Posted Aug 21, 2018 18:57 UTC (Tue) by mm7323 (subscriber, #87386) [Link] (2 responses)

I wonder if this is sort of obvious to a DSP engineer where writing tight little processing loops that can optimally keep some data pipeline busy while running instructions out of cache is often the goal, working on multiple passes across some buffers.

I must admit, that while it makes sense to me having read the article, I doubt I'd have spotted that optimisation in a long long time! Open Source is cool!

Batch processing of network packets

Posted Aug 22, 2018 15:55 UTC (Wed) by excors (subscriber, #95769) [Link] (1 responses)

Even outside of proper DSPs, I think this is a fairly natural pattern when using SIMD CPUs or GPUs. You want to process multiple data items concurrently, so you think about your data as a single array (or maybe a structure-of-arrays) rather than as a large collection of independent OOP-style objects, and you write your processing code as array transformations. But the processing code has limited resources (registers, constants, instruction cache, local memory in GPUs, etc), and the compiler will either complain or go dreadfully slow (which should be obvious in a profiler) if you exceed the limits; or maybe some of the processing works best on vectors of 8 elements while some only works on vectors of 4, etc; or maybe it's just hard to understand the whole algorithm at once; so it's natural to split the processing into multiple simpler passes that can be optimised individually. You might run each pass over the entire data set in sequence, or (if memory bandwidth is a concern) you might split the data into chunks that fit within the data cache then run all passes over one chunk before moving onto the next chunk.

(This seems kind of like the data-oriented design thing that some game developers have been interested in, as a reaction against the cache-inefficiency of common OOP designs. But I imagine it's much easier to recognise and apply in a game engine that you're writing from scratch, and that you know is going to have to process huge amounts of data, than in a large existing OOP-ish codebase like Linux that was designed with very difference performance requirements.)

Batch processing of network packets

Posted Aug 22, 2018 20:32 UTC (Wed) by mm7323 (subscriber, #87386) [Link]

Thanks for the link - that's a great post with interesting points.

One thing that springs to mind, in an object oriented context, is that inheritance really breaks (instruction) cache efficiency. You may have a collection of objects and wish to call the same method on each one, but due to inheritance each object can take very different code paths and foul the instruction caches.

The data orientated approach the link describes mitigates this. But sorting collections by object type (before any other comparison criteria) may also yield better performance in this vain too I guess.

Batch processing of network packets

Posted Aug 21, 2018 19:54 UTC (Tue) by epa (subscriber, #39769) [Link]

Yes, the second is often faster; and you can add another rule, that an interface taking a list of items in a single call will often perform better than one call per item. We see the same principle in pipelined HTTP requests, or bulk operations on an SQL database, avoiding a separate round trip for each datum.

Batch processing of network packets

Posted Aug 22, 2018 13:06 UTC (Wed) by ncm (guest, #165) [Link] (3 responses)
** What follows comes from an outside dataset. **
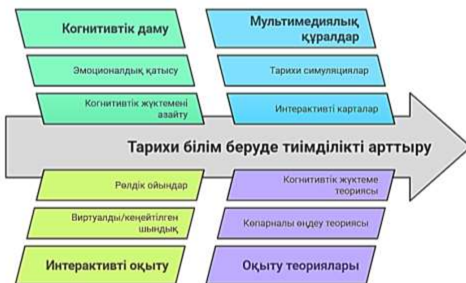
1-сурет – Мультимедиялық және интерактивті технологиялардың тарихи білім берудегі тиімділігі

Виртуалды шындық технологиялары тарихи оқиғаларды иммерсивті форматта зерттеуге мүмкіндік береді. VR құралдарының көмегімен оқушылар тарихи шайқастарды, маңызды оқиғаларды, мәдени-өркениеттік дамудың кезеңдерін тереңірек зерттей алады. Кеңейтілген шындық технологиялары дәстүрлі оқу материалдарын мультимедиялық элементтермен толықтырып, тарихи деректерді анағұрлым көрнекі түрде ұсынуға жағдай жасайды. Сонымен қатар, тарихи симуляциялар мен рөлдік ойындар білім алушыларға тарихи оқиғаларға тікелей қатысушы ретінде енуге мүмкіндік беріп, тарихи процестердің күрделілігін жақсы түсінуге көмектеседі [4].

I have seen compilers make that transformation all by themselves, so don't be surprised if it's not faster when you do it, or that it gets suddenly slower when you make a trivial change that makes the compiler decide not to do that. Clang will abandon lots of its loop optimizations if it thinks something in the loop _might_ possibly throw.

Cache awareness is right at the heart of our deal we have made with the devil for performance. There are more different caches in modern chips than you would ever imagine, many that are undocumented or barely even mentioned.

The ones we know of include your regular data caches, along with instruction caches, microinstruction caches, conditional-branch target caches, and page map caches. Many other systems that act in the role of caches include the familiar pipelines, and also register renaming, speculative execution, and memory pre-fetching.

The soul that we have handed over to the devil in exchange is made of data security (spectre etc.) and our ability to predict the consequences of design choices. Crack-brained newbie design choices (I'm looking at you, function pointers!) get a billion transistors thrown at them, which works just well enough to prevent learning better.

Too-clever compilers do their part. Often, a really dumb algorithm (e.g. counting bits) is recognized and replaced with special instructions not normally accessible, and faster than a smart algorithm the compiler cannot recognize.

I have seen 2x performance differences because the compiler decided the unlikely branch in a loop was the more likely, or because it was optimizing for older chips that like random other instructions mixed into sequences, where newer chips like to fuse a comparison that has a directly-adjacent branch into a single microinstruction -- but only in a small-enough loop.

Batch processing of network packets

Posted Aug 22, 2018 14:11 UTC (Wed) by cagrazia (guest, #124754) [Link] (2 responses)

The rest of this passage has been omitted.